- Feed corn FOB Black Sea bids eased to USD 210-218/tonne and asks to USD 214-222/tonne for Dec–Jan, down USD 1-3 in under a week.
- Ongoing attacks on Ukrainian port and energy infrastructure are constraining seaborne exports and weighing on importer demand.
- Corn remains Ukraine’s most actively exported crop, but persistent logistics bottlenecks are keeping price pressure firmly bearish.
Market Update
Ukrainian feed corn prices on an FOB Black Sea basis continued their gradual decline this week, with indicative December–January bids slipping to USD 210-218 per tonne and asks to USD 214-222 per tonne. This represents a USD 1-3 per tonne drop in less than a week, reflecting worsening logistics conditions and softer importer interest.
The downward trend is closely tied to persistent disruptions to Ukraine’s seaborne export operations. Systematic Russian attacks on port and energy infrastructure are generating shipping bottlenecks, delaying loadings, and creating uncertainty around execution. As a result, some buyers remain cautious about committing to Ukrainian-origin corn despite its competitive pricing.

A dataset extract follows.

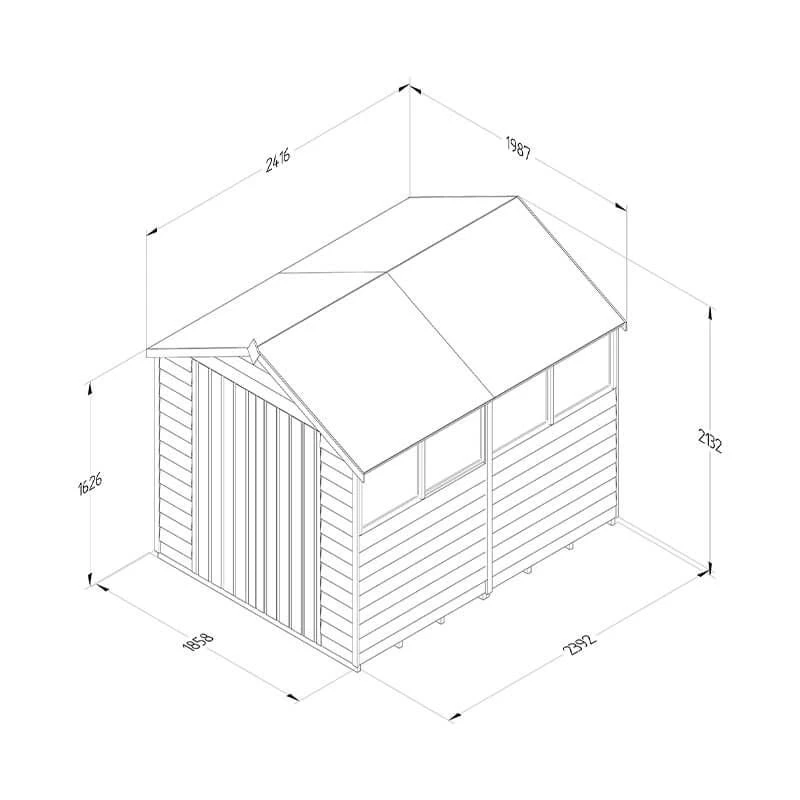 Available in a range of designs and sizes, Forest 4Life™ Overlap Pressure Treated Sheds are beautifully handcrafted here, in Great Britain. Packed full of premium features, they are the best range of overlap sheds Forest has ever made. This particular model is the 8×6 Double Door Apex Shed with 4 Windows (2.43m x 1.99m), making it perfectly suited to people requiring general-purpose storage in most sizes of garden.

Although corn is currently Ukraine’s most actively exported crop, the volume of trade has not been sufficient to offset the bearish sentiment stemming from these infrastructure issues. Price pressure has been sustained as sellers adapt to reduced bargaining power and factor higher logistics risks into offers.
Price Overview
| Commodity | Delivery Period | Market | Bid Range (USD/tonne FOB) | Ask Range (USD/tonne FOB) | Weekly Change |
|---|---|---|---|---|---|
| Ukrainian Feed Corn | Dec–Jan | Black Sea | 210–218 | 214–222 | -1 to -3 |
Analysis
Bearish. Infrastructure attacks and export disruptions are exerting sustained downward pressure on Ukrainian corn prices, even as export activity remains relatively robust. The USD 1-3 per tonne decline highlights a shift toward weaker seller leverage, with logistics uncertainty forcing more aggressive pricing to attract demand.

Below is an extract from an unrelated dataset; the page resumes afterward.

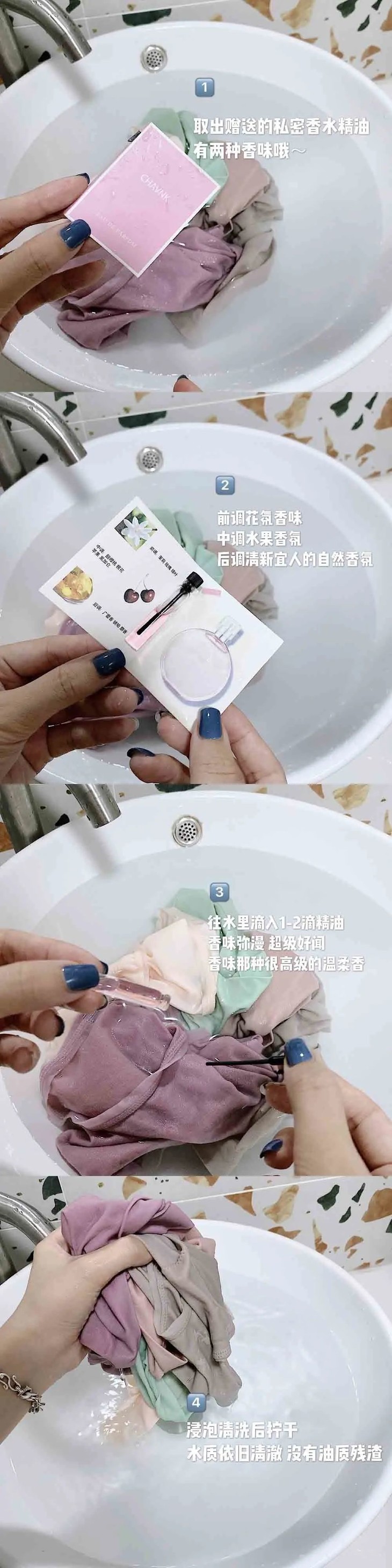 香水精油专为私密处设计,清洗内裤时撒一两滴即可,无残渣无色素,大家可以放心使用~

For traders, the key variables to watch are the pace of shipping capacity restoration and the reliability of port and energy infrastructure. A meaningful improvement in these areas would be necessary for price stabilization. In the meantime, the growing discount on Ukrainian corn may draw opportunistic buying interest, but execution and delay risks remain elevated and must be priced into any trading strategy.